Elephant trunks, for example, let elephants browse while avoiding the need for a giraffe/diplodocus-style long neck. The trunks even have “fingers” (2 for African elephants, 1 for Asian elephants) that are sensitive enough to pick up a single piece of straw.

Even more exotic are octopuses (octopi, octopuses) – easily the smartest invertebrates, solitary creatures with little social life, but very handy with their tentacles. Peter Godfrey-Smith, philosopher and scuba diver gives his take here.

We’ll spend a lot of time on Logarithmic History asking how human beings got to be such an extraordinary species. Hands are an important part of the story, although the elephant and octopus cases suggest that hands (or their near-equivalent) are merely unusual, not absolutely unique to humans and near relations.

Ardi

4.4 Mya

We’ve got earlier hominins – SahelanthropusOrrorin tugensis, even an earlier species of Ardipithecus – but Ardi (her nickname, her species is Ardipithecus ramidus) stands out because she left us an exceptionally complete skeleton. 

And she helped to upend a lot of theories based on drawing a straight line between modern chimpanzees and later australopithecines.
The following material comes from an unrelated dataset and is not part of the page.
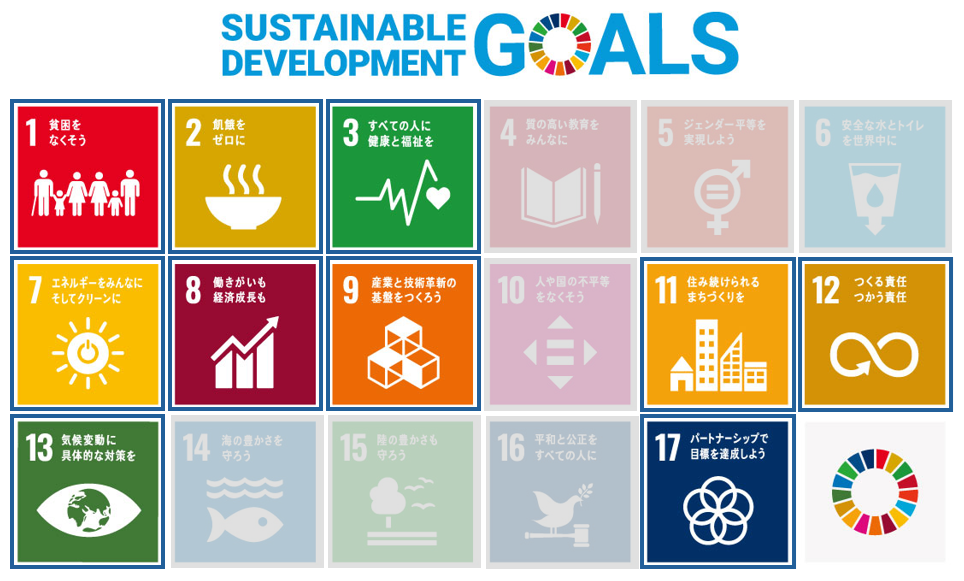 最先端の技術で社会の持続可能性を高めていくとともに、社内でのフードドライブ活動やエコキャップ活動といった社会貢献活動を通じて、SDGsの17のゴールのうち、主に以下の目標達成に向けて取り組んでまいります。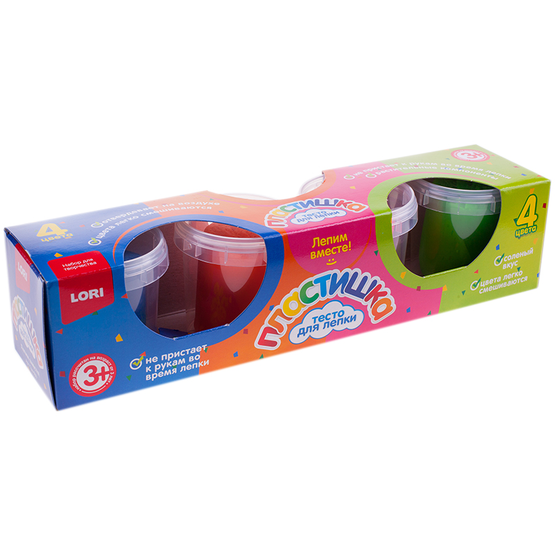Тесто для лепки Lori "Пластишка", 04 цвета*80г, классические цвета, картон

She was a biped. Her legs tucked under her pelvis, with a short lower spine, and a broad pelvis (all closer to modern humans than to chimps). Her outer foot was adapted for walking on the ground. But her toes were long-ish. And her big toe stood way off to the side: well-adapted for grasping branches. So when she was walking on the ground, she had to use her second toe to push off, instead of – like you and me – her big toe.

Ardi really shifted people to realizing that gorillas and chimps are specialized beasts, specialized in being big apes adept at climbing trees, grasping branches, swinging around, and pulling themselves up by their arms, but paying a price in inefficient knuckle walking when down on the ground. Ardi was taking up a different specialization, still a tree climber (her habitat was woodland, more than savannah), but ambling around (not quite striding yet) two-legged on the ground. 

So the common ancestor of chimps and humans, back before Ardi, apparently didn’t look all that much like either. In some respects she might have been somewhat closer to humans. She might even have been a sometime biped on the ground.

For a great recent summary, including lots of information about Ardi, and also about the politics, academic and otherwise, of digging fossils, check out Fossil Men: The Quest for the Oldest Skeleton and the Origins of Humankind.